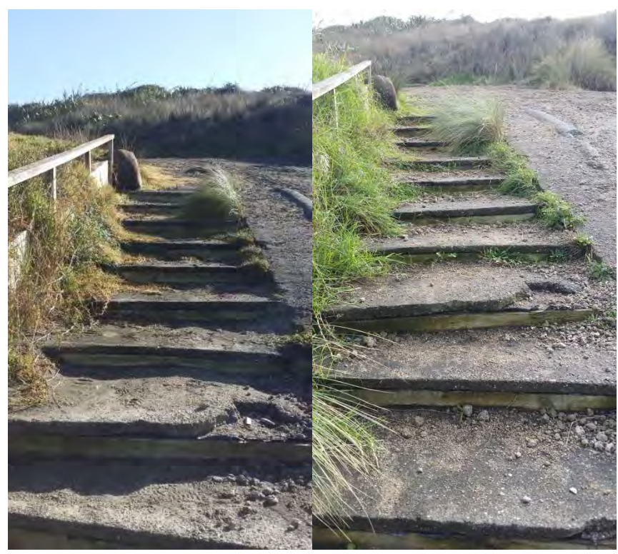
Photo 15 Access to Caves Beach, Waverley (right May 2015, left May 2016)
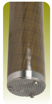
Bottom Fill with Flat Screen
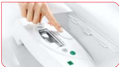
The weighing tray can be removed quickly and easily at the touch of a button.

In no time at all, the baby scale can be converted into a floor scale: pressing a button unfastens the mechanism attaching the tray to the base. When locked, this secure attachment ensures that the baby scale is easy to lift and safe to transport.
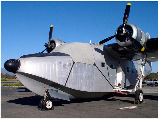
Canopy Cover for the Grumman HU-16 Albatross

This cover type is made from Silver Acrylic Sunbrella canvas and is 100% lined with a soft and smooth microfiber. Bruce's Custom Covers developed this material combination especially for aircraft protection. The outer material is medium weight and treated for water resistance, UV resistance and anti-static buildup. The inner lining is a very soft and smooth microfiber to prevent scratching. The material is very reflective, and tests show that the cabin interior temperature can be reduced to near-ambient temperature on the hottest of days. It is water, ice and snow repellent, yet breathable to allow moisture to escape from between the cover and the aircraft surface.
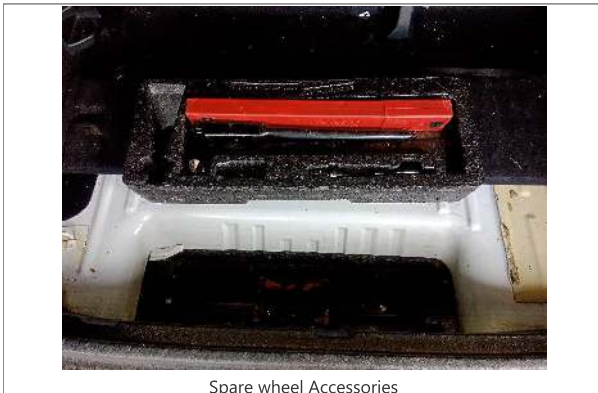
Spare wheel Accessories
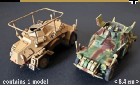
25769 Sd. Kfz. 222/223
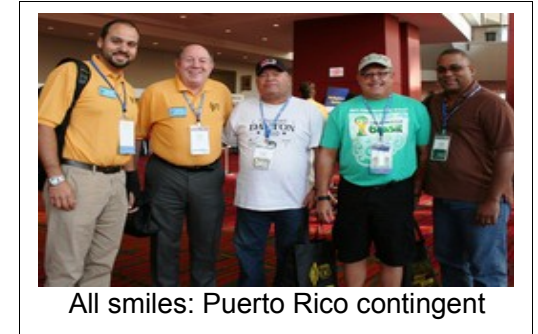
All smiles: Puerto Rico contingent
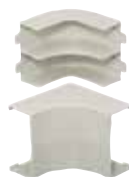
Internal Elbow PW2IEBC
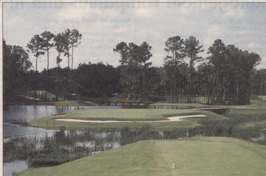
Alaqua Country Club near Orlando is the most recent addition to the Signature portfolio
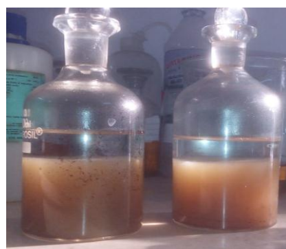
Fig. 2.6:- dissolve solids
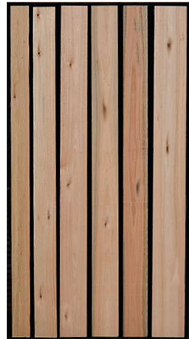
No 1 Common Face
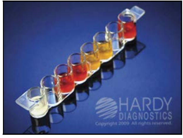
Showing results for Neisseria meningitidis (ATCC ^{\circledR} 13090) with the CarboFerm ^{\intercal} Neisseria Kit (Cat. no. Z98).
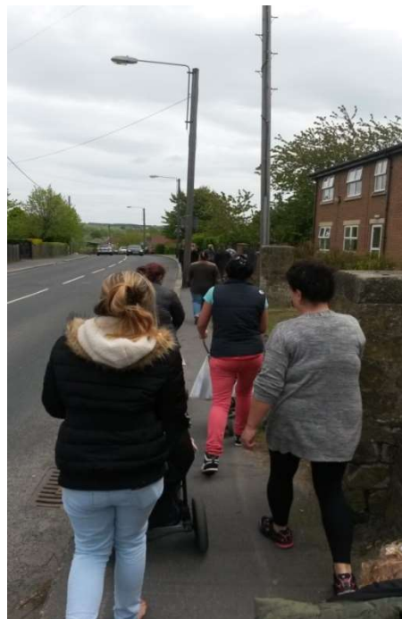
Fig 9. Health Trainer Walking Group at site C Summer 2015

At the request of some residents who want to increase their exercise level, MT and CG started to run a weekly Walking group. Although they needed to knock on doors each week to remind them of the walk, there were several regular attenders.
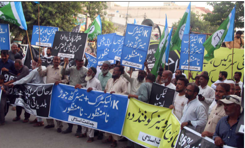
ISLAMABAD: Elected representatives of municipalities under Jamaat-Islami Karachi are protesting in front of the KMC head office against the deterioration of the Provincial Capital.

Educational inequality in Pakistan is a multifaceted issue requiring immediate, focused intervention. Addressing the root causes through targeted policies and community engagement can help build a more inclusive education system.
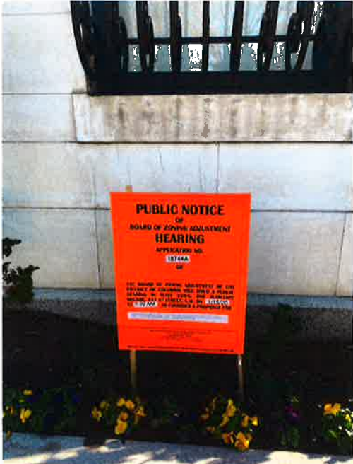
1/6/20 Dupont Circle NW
+ + +
* Task to carry out *
Each line that holds the word "Walking" should be extracted from the records.

* Response below *
Fig 9. Health Trainer Walking Group at site C Summer 2015
At the request of some residents who want to increase their exercise level, MT and CG started to run a weekly Walking group. Although they needed to knock on doors each week to remind them of the walk, there were several regular attenders.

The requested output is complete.